The functions hcl.swatch() and palette.swatch() are only on the manual page because we felt that (a) it was unclear what exactly the specs of the function should be, (b) it was easy enough to run example(palette.colors) or look on the web pages, and (c) we wondered whether it would be important to have only one function that displays all the different *.colors() functions.

But I would be interested to hear what your thoughts on such a function would be. Then I can raise it with Paul and maybe we can put something into a future version of R.

Last comment: I'm not sure whether the unavailability of built-in *.swatch() functions is really a major obstacle in the use of these palettes. My feeling is that there are essentially two camps of users: (a) I Know What I Like users, many of whom keep on using RColorBrewer and/or viridis(Lite) and (b) The More The Merrier users who favor pals or paleteer. Our approach tries to be somewhere in between (as already pointed out in another posting above) because we try to provide many palettes but not too many. The list may also keep growing slowly in the future. For example, we have added a few of Crameri's palettes (notably Batlow) and the new viridis palettes (Mako and Rocket).

mtennekes commented 3 years ago

I've made a metadata data.frame for internal use which contains metadata from three packages: grDevices, pals and rcartocolor. This metadata does not contain the palettes themselves, but function names how obtain them. This metadata data.frame is contained in sysdata.rda and is called .tmap_pals (in the branch v4).

fileb3230bbed09

Please let me know what you think! Ideas and suggestions are welcome. A part of me is still tempted to write a new R package for colors, which is light-weight (no dependencies), and contains a huge collection of palettes but well organized.

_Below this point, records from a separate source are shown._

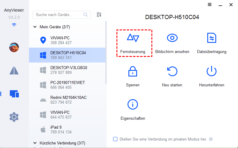 Weg 1. Über AnyViewer den Windows-PC Bildschirm teilen
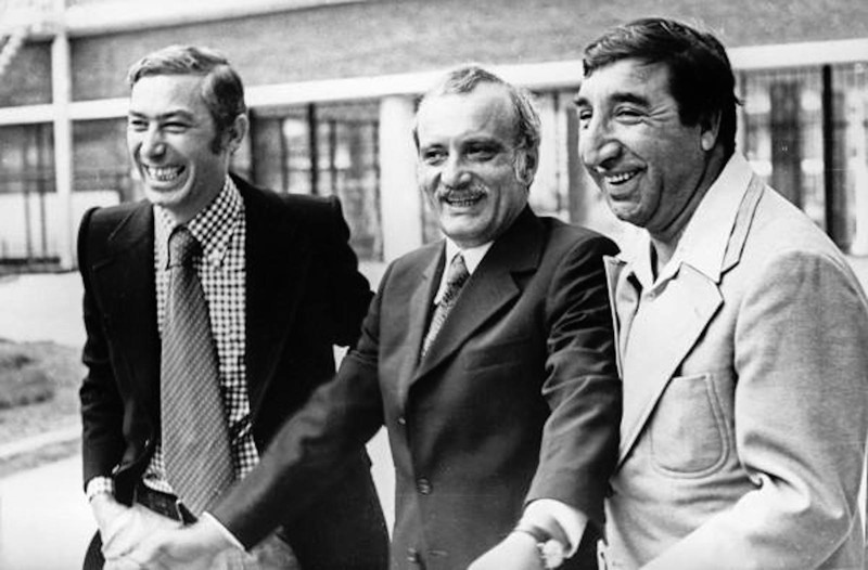 Вахтанг Кикабидзе, Георгий Данелия, Фрунзик Мкртчян на вручении Золотого приза за фильм «Мимино». Х МКФ. 1977г. СССР.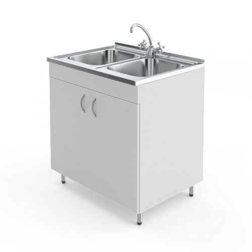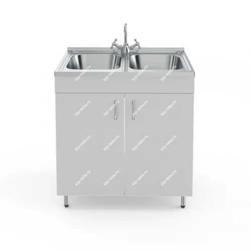 НВ-800 МД-Б — это стол с двумя мойками из нержавеющей стали и без сушилки. Предназначен для работы стоя: его высота 85 см.

Nowosad commented 3 years ago

Hey @mtennekes, my few comments:

  1. One regular users' problem with palette_explorer() was that it blocked the R session. Therefore, I like the new version, which is just a viewer panel not interfering with an R session...
  2. I think you can remove the "carto" palettes. I believe all of them are already implemented in hcl.colors(). @zeileis is that correct? EDIT: I could be also the case for "brewer" and "viridis"...
zeileis commented 3 years ago

hcl.colors() contains HCL approximations of all sequential and diverging palettes from rcartocolors. Analogously for viridis and RColorBrewer. See: http://colorspace.R-Forge.R-project.org/articles/approximations.html

mtennekes commented 3 years ago

Thanks! I still see the benefits of having "brewer" and "viridis", but the "carto" palettes seem to be more redundant.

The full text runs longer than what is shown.